Sephus remained over him a moment longer, savoring the pain he saw in Marcus’ gaze. “Looks to me like you and your dolly made the wrong dude mad.”

The hand compressed his jaw further still, until he could feel the ligaments plucked out taut and screaming. Then it was gone. One moment pain white as desert light, the next and the little man was there. Looking down at him through ridiculous blue spectacles. “There is someone here who wants a word.” He mashed the phone to Marcus’ ear.

The languid voice started in, “For a time I was genuinely morose over missing this final performance of yours.”

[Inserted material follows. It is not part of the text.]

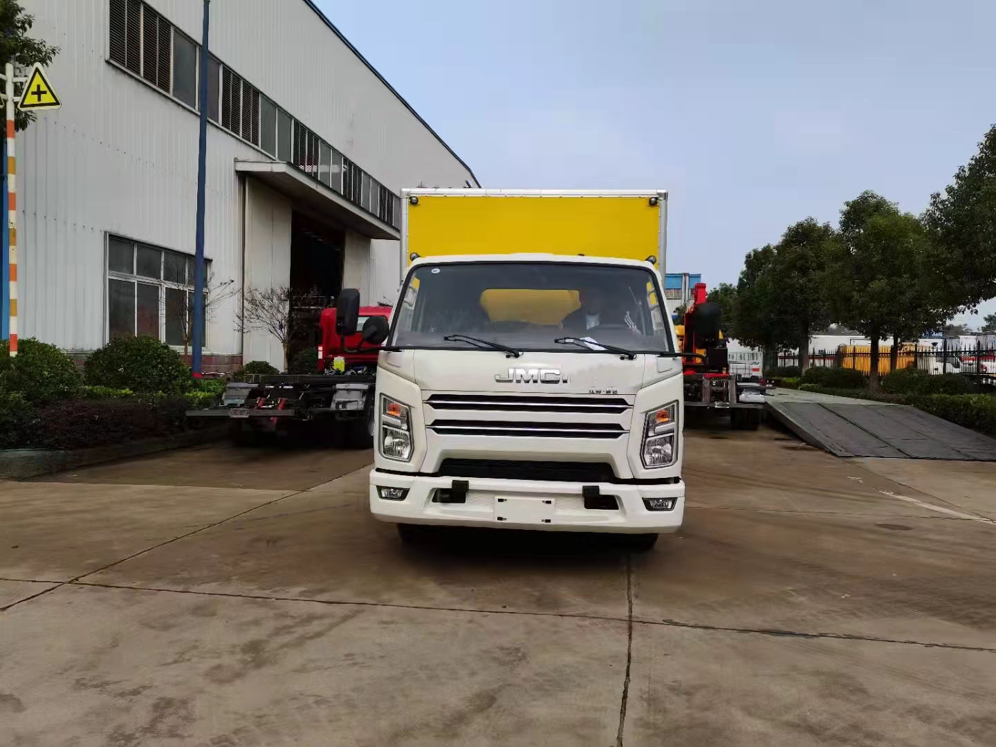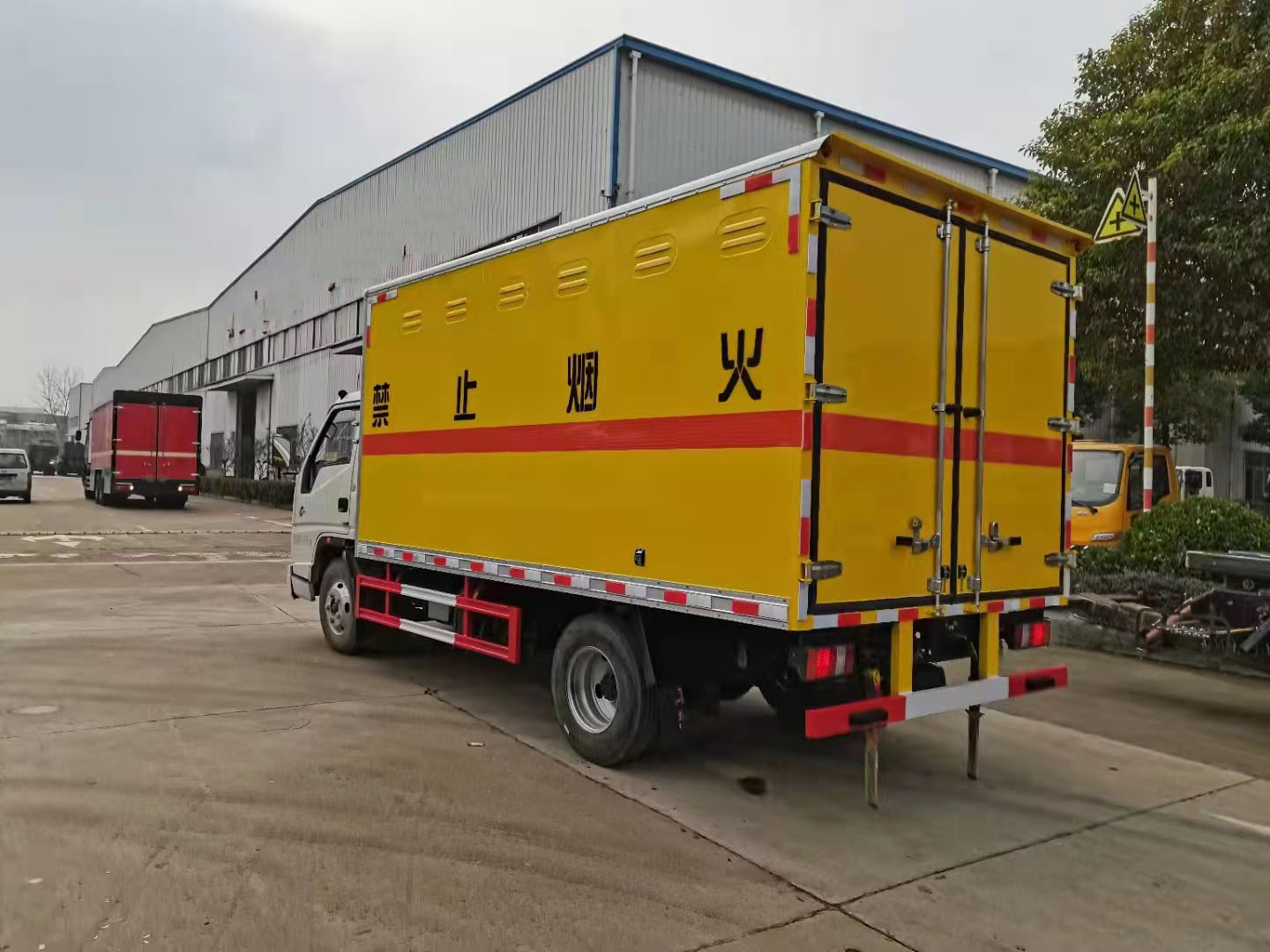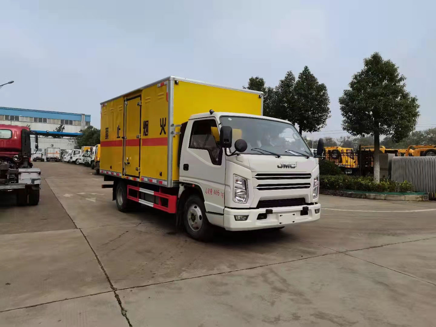 江鈴寬體藍牌爆破運輸車整車型號:JDF5041XQYJ6爆破,國六江鈴順達N600寬體單排駕駛室,底盤型號:JX1042TG26,軸距3360,115馬力發動機,五檔變速箱,7.00鋼絲胎,空調,助力,油剎,中控鎖,電動玻璃,排氣管前置,前盤碟剎,限速,新規帶雙預警。整車尺寸:5995*2250*2850,廂體尺寸:4080*2100*1800。廂體為雙層金屬結構,外板采用靜電屏蔽冷軋鋼板,中間填充B1級阻燃材料,內飾為鋁板。底板為平板,右側中開雙側門,平鋪靜電膠皮,廂體左右兩邊安裝臥環。門框帶防盜報警器,頂部帶煙霧報警器,2個滅火器,帶危險品頂燈,防火帽。車輛嚴格按照公告尺寸和外形制作。總質量:4495   額載:950  整備質量:3350kg.

Marcus worked his mouth. Open and shut. A breath in and out. Sorting through the pains and the fears. “Kedrick Lloyd.”

“Ah, excellent. You are both awake and aware. I am so glad. Everything seems to be working to my design. Behold my grandest creation, a symphony of sight and sound and operatic tragedy. You will watch your intrusive young woman perish, then expire yourself. Is it not marvelous?”

“Don’t do this.”

“You know, I understand Beethoven’s plight for the very first time, how it must have felt when the poor deaf man could not hear his own creations being performed. Bitterly frustrating, yet at the same time the void holds a certain savor. Were I there, I would most certainly discover some imperfection. Humans are defined by their failings, particularly when it comes to creative effort. But from this distance, I can close my eyes and see the flawless unfolding of my revenge.”

“The DA knows.”

“Of course she does. But my lawyers, that is, my new lawyers, will confound her feeble testimony. Who will a jury believe, a third-rate courtroom turncoat or the ailing board member of the New York Metropolitan Opera? No, my dear boy, there is a grand distance between what is known and what is provable.”